"ValueError: Mass matrix contains zeros on the diagonal" error, how to debug?

Hi, I’m relatively new to pymc3 but hope someone can help. I have a very large model. When I run it for most of my datasets, it works fine and samples without problems.

However, with a few of my datasets, it works intermittently. It sometimes finishes successfully like the others, but often crashes with the “ValueError: Mass matrix contains zeros on the diagonal” error. It will also say:

The derivative of RV `myvar_log__`.ravel()[0] is zero.

for a bunch of the variables.

I’ve read a few threads here about this error, but I haven’t yet seen an explanation or a way of figuring out the cause of it. I know cause of the problem can probably be specific to my model, so I’m wondering about a general way of solving this: what does the error actually mean, and where can I look to debug it?

any tips are appreciated, thank you.

You can find some pointer here: Frequently Asked Questions

Hi @junpenglao ,

thanks for the response. I read that thread. It appears to be giving a way to identify the RV causing the trouble, but I already know which it is (it’s in the error above).

Also, it seems like the error he had was a “bad initial energy: nan”, whereas I have the one with “derivative of RV is zero”. Are those actually the same ones?

I also have tried replacing ‘jitter+adapt_diag’ with just ‘adapt_diag’, but no change.

What’s strange is that I run the same model with several data sets, and they all work except for this one.

What steps can I try to take to diagnose the problem?

thank you!

Yeah I think usually these errors relate to the same problems – NaN values or zeros somewhere, making the log of these values unidentifed (if I remember correctly).

It’s hard to say without looking at the model, but have standardized your predictors / outcome variables? If they are on large scales, it can mess up sampling in exactly that way.

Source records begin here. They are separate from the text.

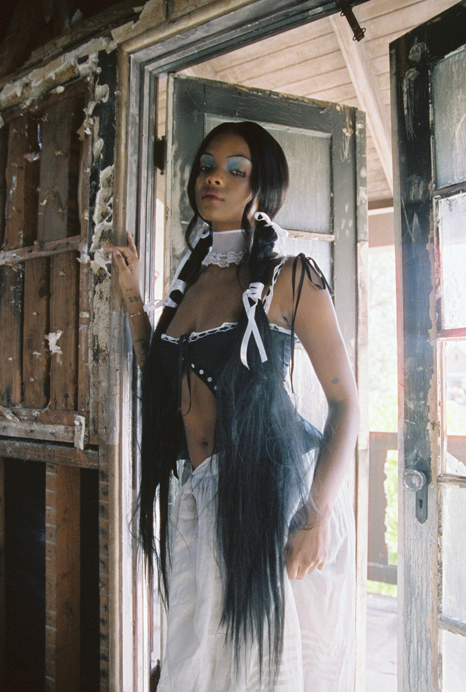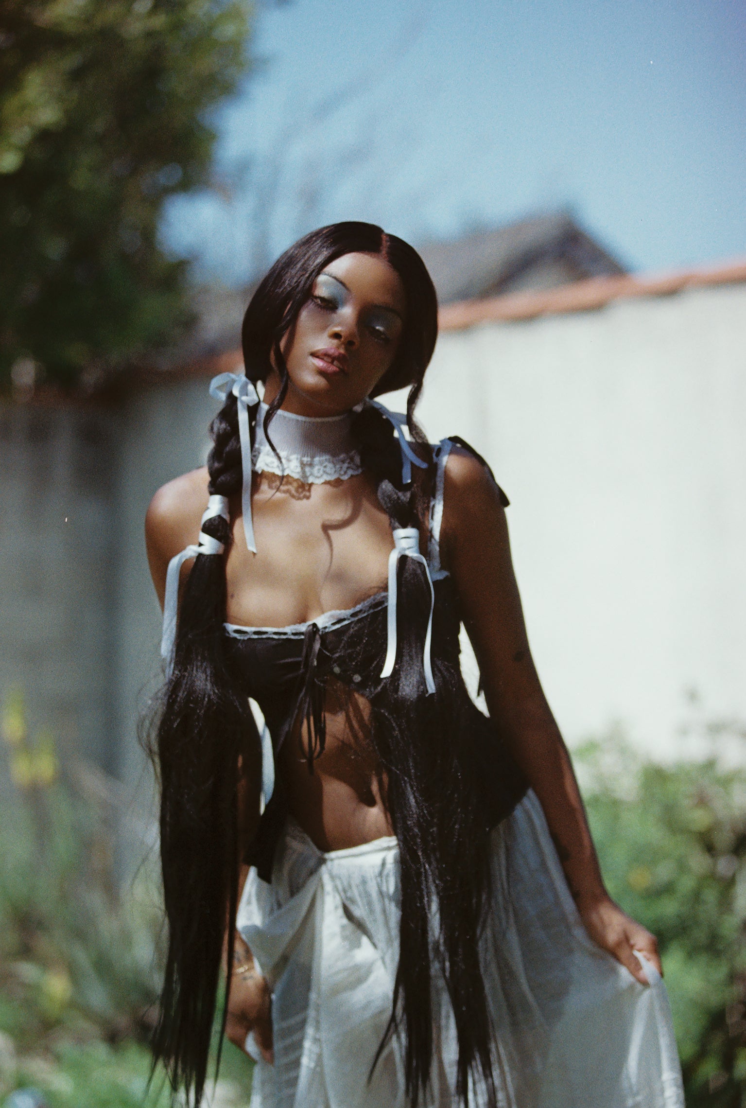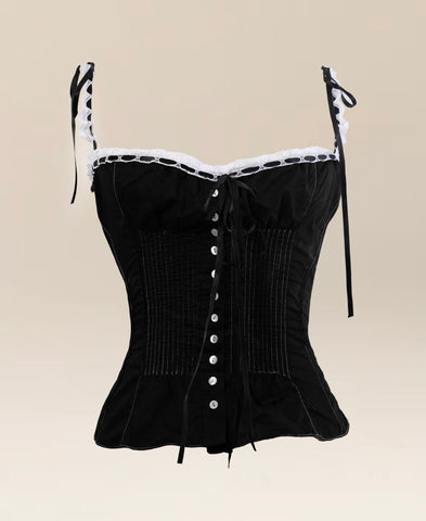 Crafted with pure noir cotton and a contrasting white baroque French Valenciennes lace. Black silk ribbons amble down the shoulders and through the neckline. Delicate contrast stitch micro-pleats gently cinch the waist without the need for traditional boning, making this top effortlessly wearable. Finished with front-set shell buttons for easy on and off.
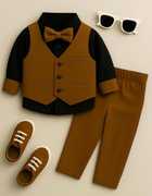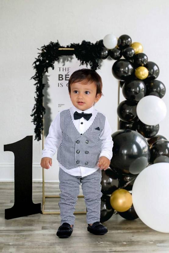 ULTRINA Baby Boys Party(Festive) Waistcoat Pant, Shirt, Bow Tie (WHITE)
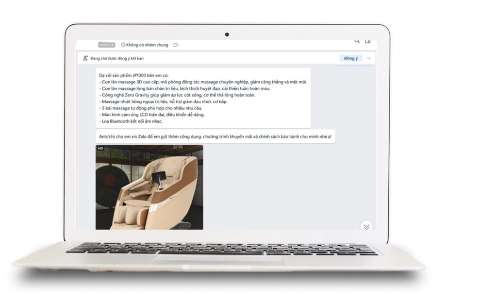 Chatbot có khả năng gửi video giới thiệu sản phẩm ngay trong khung hội thoại, giúp khách hàng dễ dàng xem cách vận hành, các tính năng nổi bật và chất lượng thực tế của từng mẫu ghế. Video được chọn tự động dựa trên nội dung tin nhắn và nhu cầu của khách. Việc bổ sung hình ảnh động và âm thanh thực tế giúp trải nghiệm tư vấn trở nên sinh động…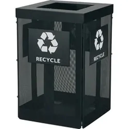 This Onyx Waste Receptacle is made of durable steel mesh with a powder-coat finish to create a long-lasting receptacle solution indoors or outdoors. It also includes reversible signage ("Trash" on one side and "Recycle" on the other) to provide a dual-use receptacle option that suits a variety of needs. Telescoping lid conveniently hides the trash bag inside to create a more aesthetically pleasing look that helps any space remain professional and clean. Durable design allows use indoors or outdoors for a versatile receptacle option. It can be used with or without a rigid plastic liner (model 9669, sold separately) that provides easier cleanup and waste disposal or a retainer ring that holds plastic trash bags in place for convenience. The 36-gallon capacity is great for use in high-traffic areas such as breakrooms, cafeterias, outdoor rest areas, gymnasiums, classrooms, hallways and more.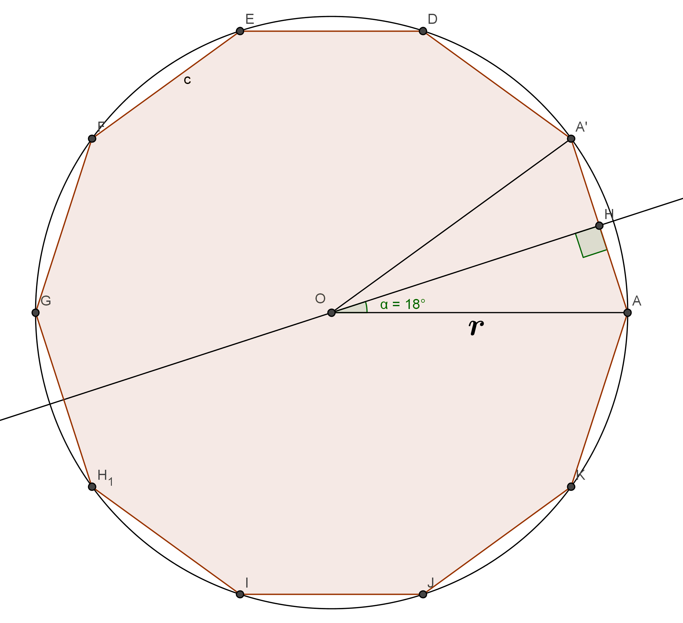 Julien a écrit :Bonjour, pourriez-vous me dire comment déterminer la valeur exacte en fonction de r d'un décagone régulier en utilisant la configuration de la bissectrice s'il vous plaît ?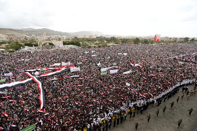 Witnesses said that a crowd estimated at more than 100,000 people comprising supporters of the Houthis Ansarullah group and former President Ali Abdullah Saleh's General People's Congress (GPC) party pressed into Sabeen Square in central Sanaa.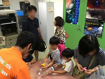 子どもたちと理科実験。理工学研究科技術部が「八重山高原星物語2019」にブースを出展しました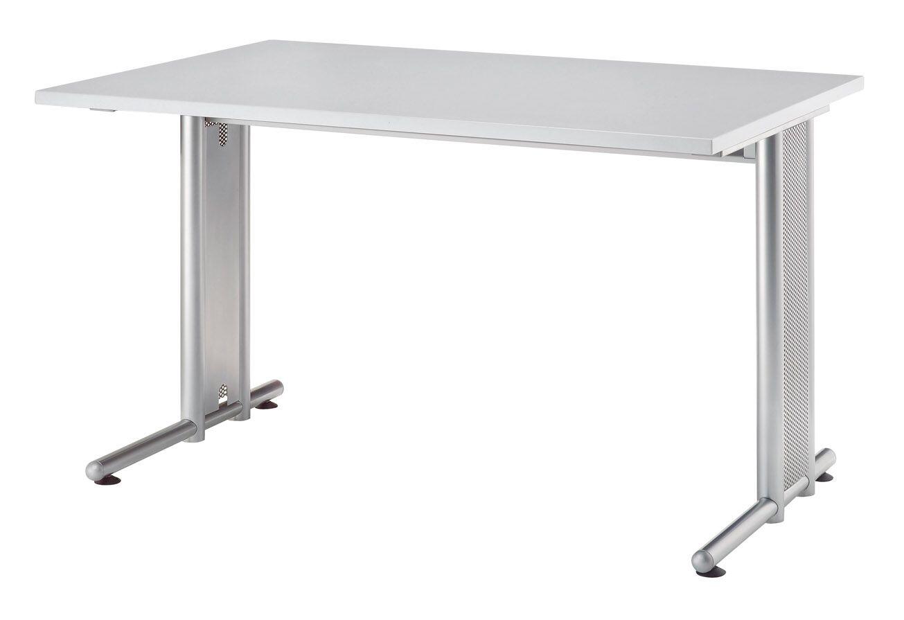 Das Gestell des Schreibtisches besteht aus robustem Stahl, was für eine hohe Stabilität und Langlebigkeit sorgt. Das stilvolle C-Fuß-Gestell in silberner Farbe verleiht dem Schreibtisch nicht nur eine moderne Optik, sondern sorgt auch für zusätzlichen Platz unter der Arbeitsfläche. Durch die lichtgraue Farbgebung fügt sich der Schreibtisch harmonisch in verschiedene Einrichtungsstile ein und lässt sich problemlos mit anderen Möbelstücken kombinieren.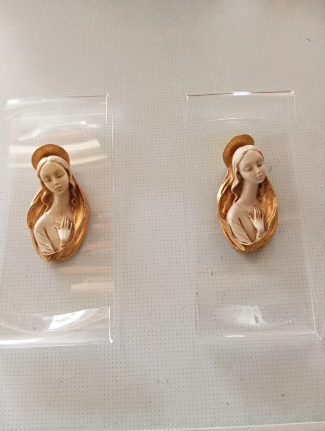Detalles del productoConjunto de dos figuras antiguas de la Virgen Niña. Cada figura está enmarcada en un contorno dorado y presenta un halo.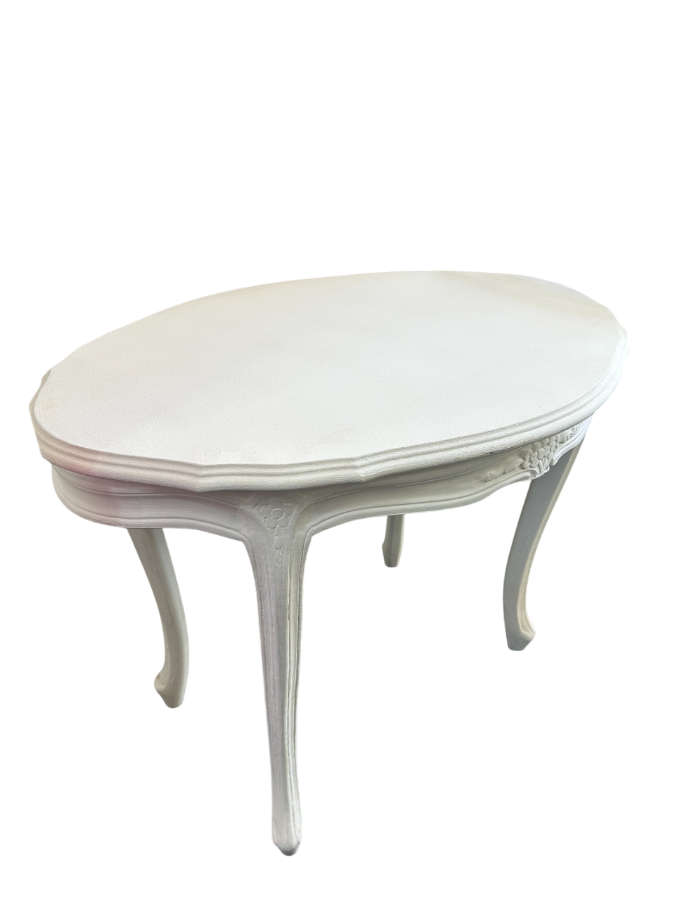 Mesa auxiliar blanca ovalada, ideal para el comedor o frente al sofá, aportando estilo moderno y funcionalidad a cualquier espacio.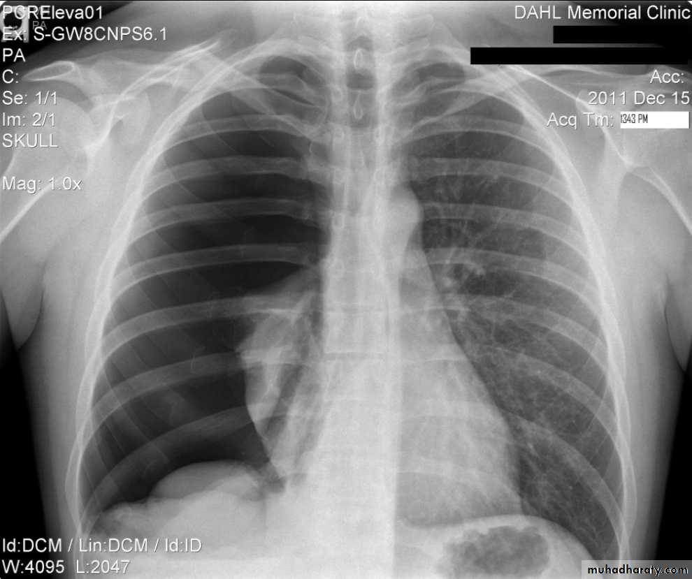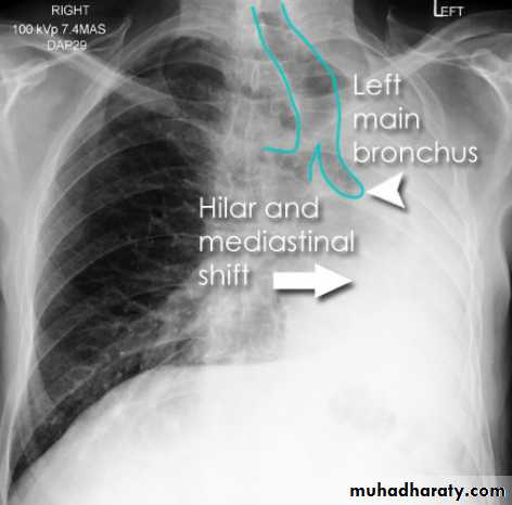Non-specific signs indicating left sided atelectasis are usually also be present including: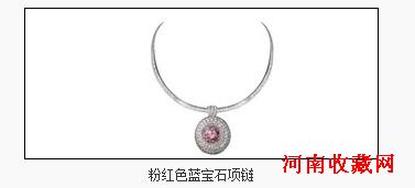 另一款粉红色蓝宝石项链是由白色18K金镶嵌的,主石为蓝宝石,配石为钻石。彩色蓝宝石以其晶莹剔透丰富多彩的颜色,被古代人们蒙上了神秘的超自然色彩,被视为吉祥之物。作为彩色蓝宝石中的一员,这颗粉红的蓝宝石,被施以精准的切工、完美的打磨,最后呈现出耀眼的火彩,足以打动每一个看到她的人!(估价:500万-800万)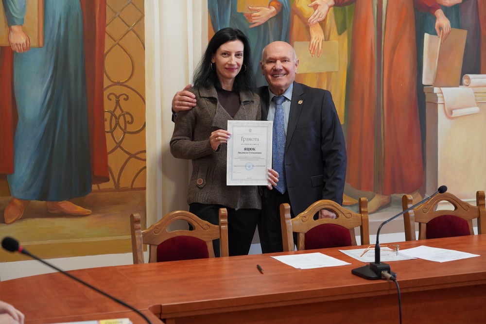 Під час засідання ректорату Національного університету «Острозька академія» відбулося вручення почесних грамот Департаменту освіти і науки Рівненської обласної державної адміністрації.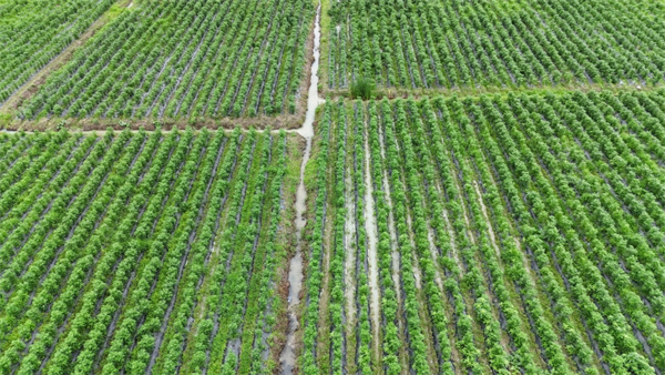 岑鞏縣客樓鎮安山村辣椒種植基地全面進入開花坐果期。(陳昆 攝)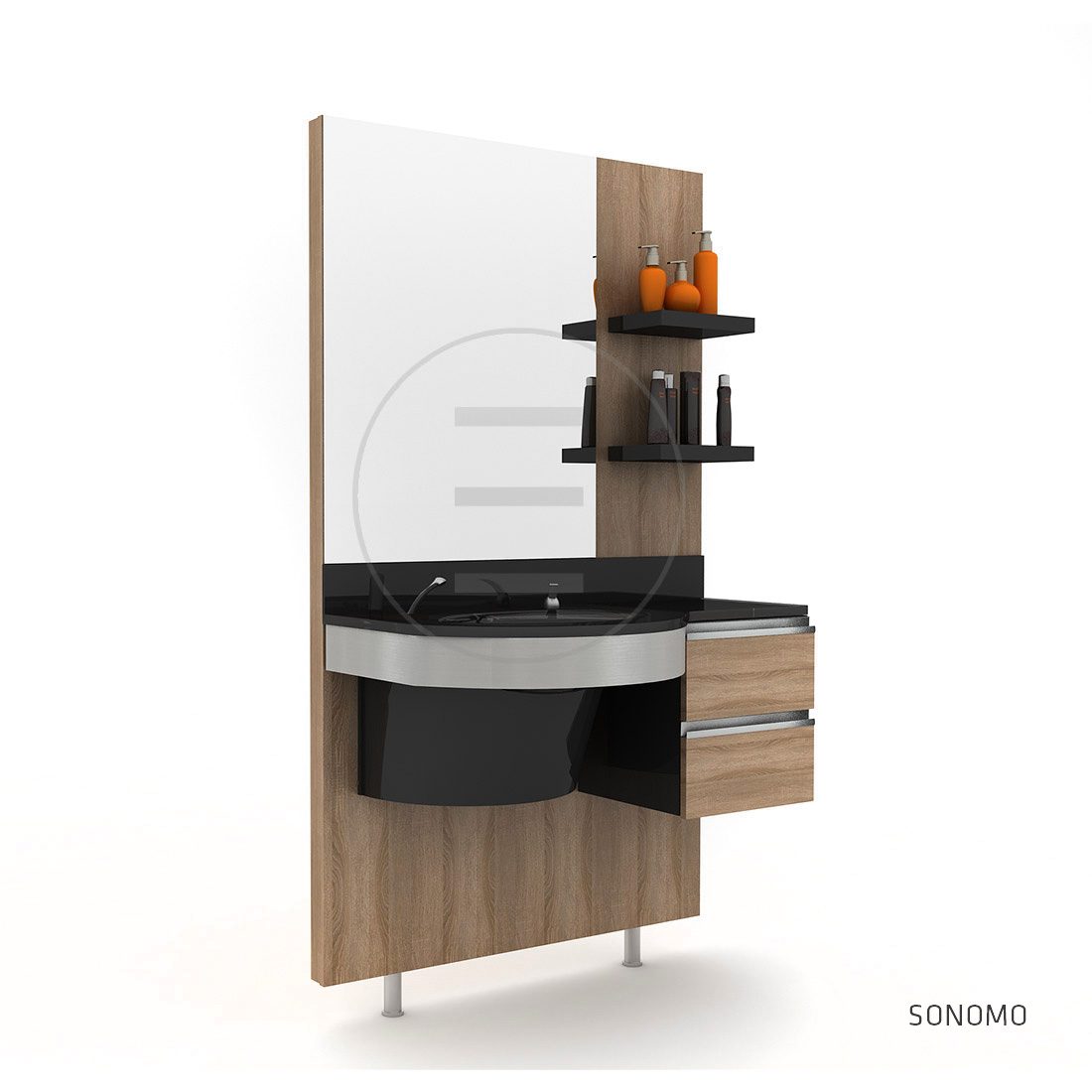 Post de lucru frizerie Alpeda Blacco este prevazut cu vas de sticla, baterii inox rezistente la rugina, polite de lemn, oglinda, sertare.

yeah, unfortunately the model is very large at this point, fitting to a bunch of data, so it’s hard to provide a MWE :frowning:

However, one clue is that it works for all the other data sets, but for the one that it fails with, that dataset doesn’t have one of the observables (i.e., a “column” of the data) that the other ones all do. So, it’s underconstrained. My current theory is that because it’s underconstrained, the “energy landscape” might be really flat there, leading to 0 derivative?

What do you mean by standardized, do you mean normalizing them so that they have mean ~ 0 and SD ~ 1 or something?

So I did kinda get it to work, though it’s definitely hack-y. I used the start arg of pm.sample(), and use the last trace point of a previous successful run (with the same dataset), and it works. But that kinda depends on getting a successful run at some point…

Yeah exactly – that can really do magic!
Other than that, it’s difficult for me to say anything else without the model.
Hope this helps anyway, and good luck!

ah yeah. I know that’s a standard for features is deep learning, but I hadn’t heard of using it here… it works well for MCMC too?


Definitely works like a charm – should be the default behavior!